In any case, during his trip to the Middle East, US Secretary of State John Kerry hastily initiated crisis talks in Jordan with King Abdullah and Netanyahu, who flew in at the last minute from Israel. He elicited a promise from both these men, as well as from Palestinian President Mahmoud Abbas, whom Kerry had previously met in Amman, to make every effort to de-escalate the explosive situation. As a sign of goodwill, Israel lifted age restrictions on those attending Friday prayers, a move that has barred Muslims under the age of 50 or 35 from entering the Al-Aqsa Mosque in recent weeks. This has gone some way to easing the pressure. The protest prayers involving Palestinians kneeling out on the streets had in any case only served to foment outrage in Arab neighbourhoods.
From a religious viewpoint, it is almost a mortal sin for a Jew to visit the Temple Mount, says Israel's Sephardi Chief Rabbi Yitzhak Yosef. "We must put a stop to this.
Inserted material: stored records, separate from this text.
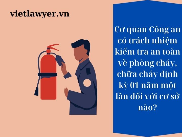 0927625666Chị Mai - Lào Cai có câu hỏi gửi về VietLawyer như sau: "Cơ quan Công an có trách nhiệm kiểm tra an toàn về phòng cháy, chữa cháy định kỳ 01 năm một lần đối với cơ sở nào?"
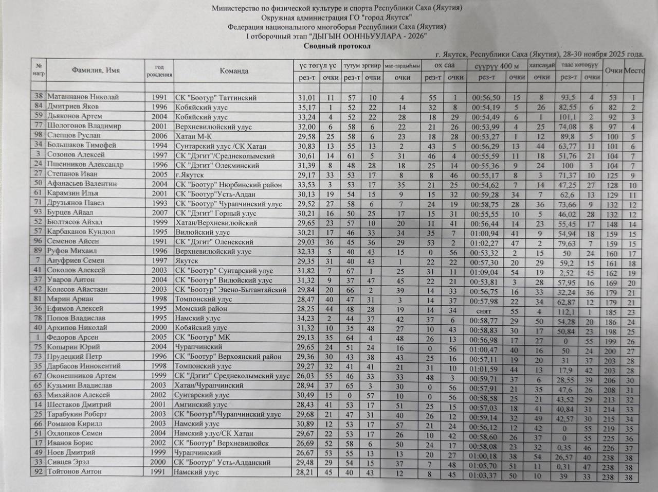 Следующие места заняли Владимир Шологонов – 97, Руслан Слепцов – 100, Тимофей Большаков – 101, Алексей Созонов – 104, Александр Пшенников – 104, Иван Степанов – 125, Валентин Афанасьев – 128. Напомним, что победитель Игр Дыгына-2026 получит однокомнатную квартиру и 3 миллиона рублей.
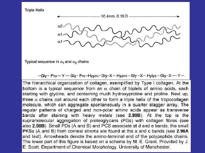 THE STAGES OF THE COLLAGEN FIBERS CREATION INTRACELLULAR PROCESS ORGANELLS GENE TRANSCRIPTION IN M-RNA SYNTESIS NUCLEUS THE ALFA-CHAIN SYNTESIS R-EPR PROLINE AND LISINE HYDROLISATION R-EPR PROCOLLAGEN SYNTESIS R-EPR PPACKAGE TO THE TRANSPORT VESICLES AND EXOCITOSIS Golgi complex EXTRACELLULAR PROCOLLAGEN - TROPOCOLLAGEN – FIBRILLS – FIBERS PLASMALEMMA

This is the only way that the blood of the people of Israel may stop being spilled." According to ultra-orthodox teaching, religious Jews must avoid the area if only to prevent inadvertently desecrating holy ground. The problem is that national religious rabbis have long claimed the opposite: that it is almost a sacred duty to pray there. And for the Palestinian factions, whether Fatah, Hamas or Jihad, militant calls to defend Al-Aqsa offer an ideal way to raise their profile.
Anger directed at everyone
What makes the "Jerusalem intifada" different is that there is no political leadership behind it, and its activists instead act of their own accord. The mostly young stone-throwers are angry at everyone: at the Israeli government, which is expanding Jewish settlements in East Jerusalem while allowing the Arab quarters to fall to ruin, and also at the Palestinian leadership in Ramallah, which makes big promises but does little to achieve them and which has no say in the eastern section of the city, which was annexed by Israel in 1980.
To make matters worse, there is a yawning social gap between the Jewish and Arab city districts. Palestinians make up about 37 per cent of the more than 800,000 residents of Jerusalem and have to pay taxes like everyone else. However, only 12 per cent of the budget is devoted to their interests, an unequal distribution that is manifested in dilapidated schools, potholed streets and overflowing rubbish containers.
Since the wall was built separating East Jerusalem from the West Bank, many suburbs are increasingly coming to resemble slums. Under Mayor Nir Barkat, himself a member of the National Religious Party, a five-year programme for East Jerusalem was launched in the summer, with a budget of €12 million a year. The money is not for the benefit of the citizens, however, but will mainly be used for measures such as fighting crime, according to a joint report issued by Israeli and Palestinian NGOs.
The "Jerusalem united forever" cited in Israeli law has in fact never had much to do with reality. The "Jerusalem intifada" has once again made people more aware of the invisible dividing line. In the long run, the present conditions are unsustainable, no matter how much police force Netanyahu summons.
What is happening in the cosmos of this "Holy City" is a warning to all those who believe that a political solution can be dispensed with. Gilly Harpaz, spokesperson of the Geneva Initiative, puts it this way: "Bi-national Jerusalem demonstrates what life in Israel would like be if it became a bi-national state."